It’s Your Community.

The first time someone referred to me as a “community leader”, I raised an eyebrow.  Yes, I was helping out with different things locally, but I didn’t see it as leadership, just volunteering.  Over time, as I came to have a hand in running more and more groups and events, I came to accept that label.  I suppose I was reluctant initially because I typically equated “community leader” with snobbishness, a sense of entitlement, and self-aggrandizing behavior.  It took me a long time to realize a simple truth: If people are following you or looking to you for example, you are a leader.  Whether you want to be a good leader is a matter of personal choice.  I see a ton of areas that could be improved in the mirror; there’s always room for improvement.

Even if you’re going to events and not running things, you are still in a position of power.  With every event you go to, and every event you decide to skip, you’re voting with your feet and your money.  Without attendees, groups disappear.

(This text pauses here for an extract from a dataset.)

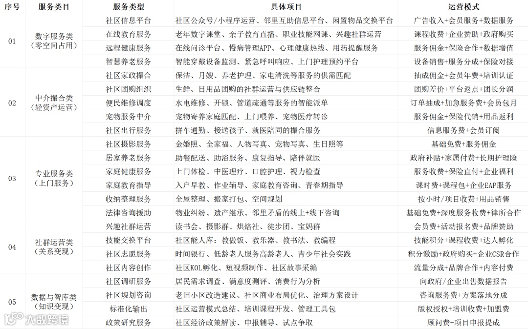 面对这些问题,我们必须转变思路、破局突围,从“靠空间、靠场地”的传统路径,转向“靠服务、靠专业、靠运营”的新型社区经济模式,大力发展不占用物理空间、轻资产、可复制、合规化的社区服务项目,真正实现空间不增、服务扩容、收入提升、管理规范。

I’m involved in my local community because I care.  I want to see it thrive.  I want to see people happy.  I want to be surrounded with all sorts of fun pervocity.  If everyone sat on their couches and wished for a thriving community, it wouldn’t happen.  This leads to another basic truth in life: If you want to accomplish things, you have to actually do stuff.  Don’t give up dreaming, but have a healthy mix of dreaming and doing.

All it takes is a handful of people who are willing to take the initiative in getting things started, whatever flavor of “things” that may be.  Once people see what can be done and what they’re capable of, they step up and create a space that’s better suited for their interests and comforts.  I believe in providing the encouragement to make people aware that the community is theirs to mold as they see fit.  Obviously larger changes require more effort and resources, but the power is in each of our hands.  It’s up to you to either use that power or sit on it.  We are all community leaders.

Yarr, Look Alive, Matey!

I engage in lots of different forms of play, and I do it with people of all experience levels.  One common thread I’ve found though is that the scenes I enjoy the most are the ones in which the top is enthusiastic about what we’re doing.  Regardless of the type of play it is, when the top really gets into it, it makes the scene so much better all around.

This is probably why I typically don’t go for the “icy bitch princess” type.  That lack of enthusiasm tells me she’d rather be doing something else.  I like to know that whoever I’m playing with is genuinely getting into whatever it is we’re doing, not thinking about what she’s going to do as soon as we’re done.

That desire for enthusiasm is even more true when it’s something I don’t want in the moment.  Being made to go through something that I really want to stop is a powerful experience; but when my pain, humiliation, or disgust is met with laughter, smiles, or arousal from the top, it intensifies the whole experience.  It makes it very clear that an energy exchange is taking place: my “oh fuck please stop” directly feeds her “mmmmm“.  It doesn’t get hotter than that.

It doesn’t matter what type of play it is.  Being met with indifference is a sure way to make that particular scene flop.  I liken it to stoic bottoms.  When a top feeds off of the bottom’s whimpers, squirming, or noises, and the bottom fails to react at all, the top doesn’t get much out of it.  By the same token, I feed off of the top’s reactions.  If she’s clearly not getting something out of what we do, why bother?

Some types of play blur that line a bit.  For example, T isn’t so much into foot worship.  We still do it on occasion though; it’s partly her indulging one of my interests and partly the fact that she loves to drive me up a wall while she has me in chastity.  So even if she doesn’t directly enjoy that form of play in itself, she does enjoy making me reeeeeeeally want to cum.  There’s still some sort of appeal in it for both of us, so it works.

Whenever I play with someone, if I’m not reacting, chances are I’m either not into that form of play or we’re not going hard enough.  Likewise, I can’t help but think that if the top isn’t reacting, she also isn’t getting much out of what we’re doing.  I’m not talking about big, overblown, porn-style moaning or anything like that.  Just the occasional laugh, mocking comment, or even her body language, can be enough to let me know that she’s enjoying my humiliation or pain.

If you’re having sex with someone, and they’re just laying there looking bored, not reacting, occasionally checking the clock, it’s very evident they’re not enjoying it.  Why should play be any different?